Pour la première fois le pilier "#nucléaire civil" pourrait donc être "la cause" de l'échec d'une conférence d'examen du TNP #NPTRevCon#NPT2022 …
Et une bonne excuse de non-action ! https://t.co/oV18XEedeQ— Jean-Marie Collin (@jmc_nonukes) August 26, 2022
La centrale de Zaporojié, toujours sous le feu de l’artillerie
Située dans la ville d’Energodar, sur la rive gauche du Dniepr, cette centrale qui alimente la ville de Zaporojié est aux mains de l’armée russe depuis le début de son opération militaire en Ukraine. Considérée comme la plus grosse centrale d’Europe, avec ses six réacteurs nucléaires de 1 000 mégawattheures, elle représente un cinquième de la production électrique ukrainienne.
Depuis sa capture par les troupes russes le 4 mars, le président ukrainien Volodymyr Zelensky accuse Moscou de recourir à la «terreur nucléaire», mettant en garde contre une éventuelle «catastrophe nucléaire», un «nouveau Tchernobyl» qui pourrait entraîner «la fin de l’Europe». Kiev accuse régulièrement la Russie de frapper la centrale.
De son côté, le président russe Vladimir Poutine a mis en garde, lors d’un entretien avec son homologue français Emmanuel Macron le 19 août, contre la possibilité d’une «catastrophe de grande envergure» à la centrale. Il a mis en cause les «bombardements systématiques par les militaires ukrainiens du territoire de la centrale nucléaire» et appelé à éviter «une catastrophe de grande envergure qui pourrait entraîner une contamination radioactive de vastes territoires».

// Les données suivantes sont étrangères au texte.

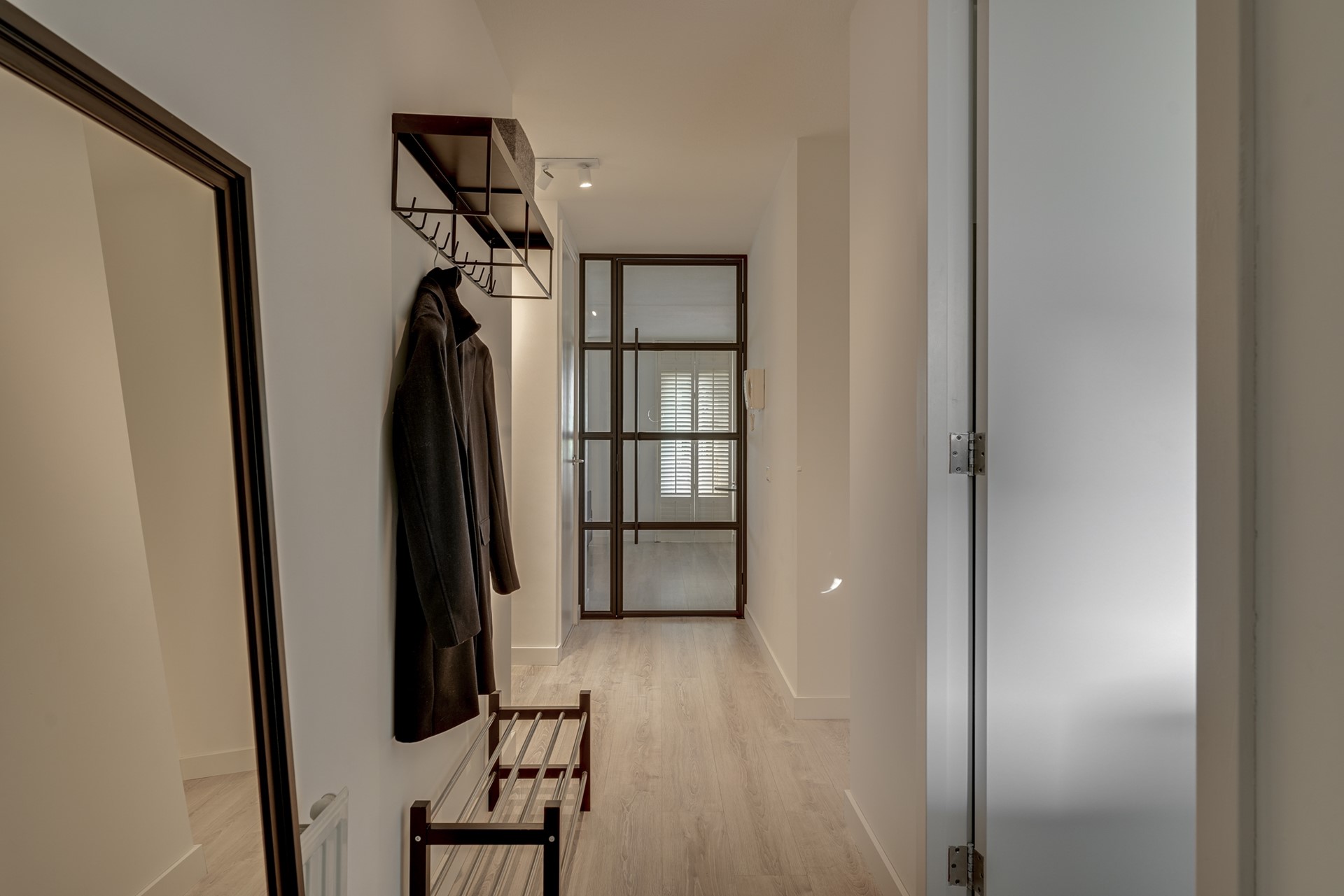 De ruime woonkamer (ca. 34 m²) heeft grote ramen die zorgen voor veel lichtinval en zijn voorzien van stijlvolle shutters. Vanuit de woonkamer is het balkon van ca. 8 m² bereikbaar, gelegen op het noorden, met rookglas panelen en uitzicht op het stationsplein.

La Russie demande depuis plusieurs mois une inspection de l’Agence internationale de l’énergie atomique (AIEA), initiative à laquelle Kiev s’est catégoriquement opposé durant des mois. «La visite de la centrale ne deviendra possible que quand l’Ukraine reprendra le contrôle sur le site», écrivait début juin sur Telegram Energoatom, l’opérateur ukrainien.

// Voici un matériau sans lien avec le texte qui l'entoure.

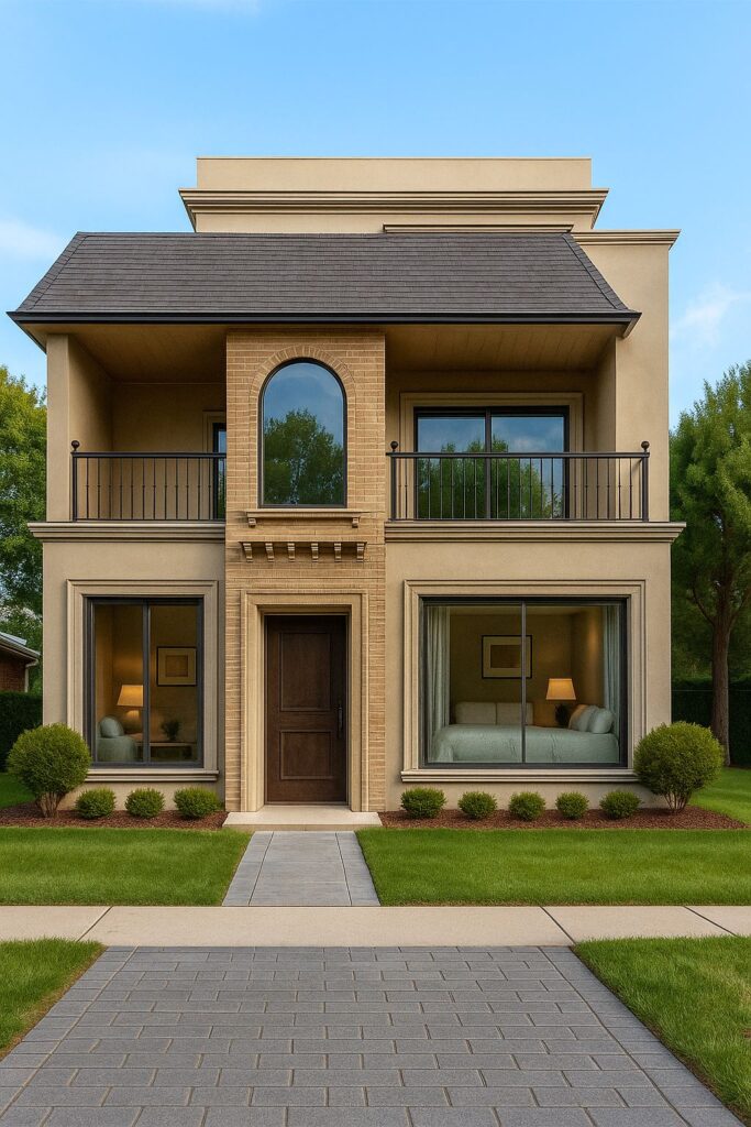 The front elevation expresses a strong central axis, with arched and rectilinear geometry framed in warm-toned brick and clean stucco bands. Tall windows on either side open up the lower level, allowing natural light to bathe the interior while establishing a visual rhythm from the exterior. The arched central window above the main door anchors the design with a soft vertical emphasis.

D’après la conseillère du ministre ukrainien de l’Énergie, Lana Zerkal, des experts de l’agence pourraient se rendre sur place «la semaine prochaine». Le 24 août, le directeur de l’AIEA, Rafael Grossi, et celui de l’agence russe Rosatom, Alexeï Likhatchev, s’étaient rencontrés à Istanbul afin de discuter «en détail l’ensemble des sujets relatifs à l’inspection prévue par l’AIEA de la centrale nucléaire».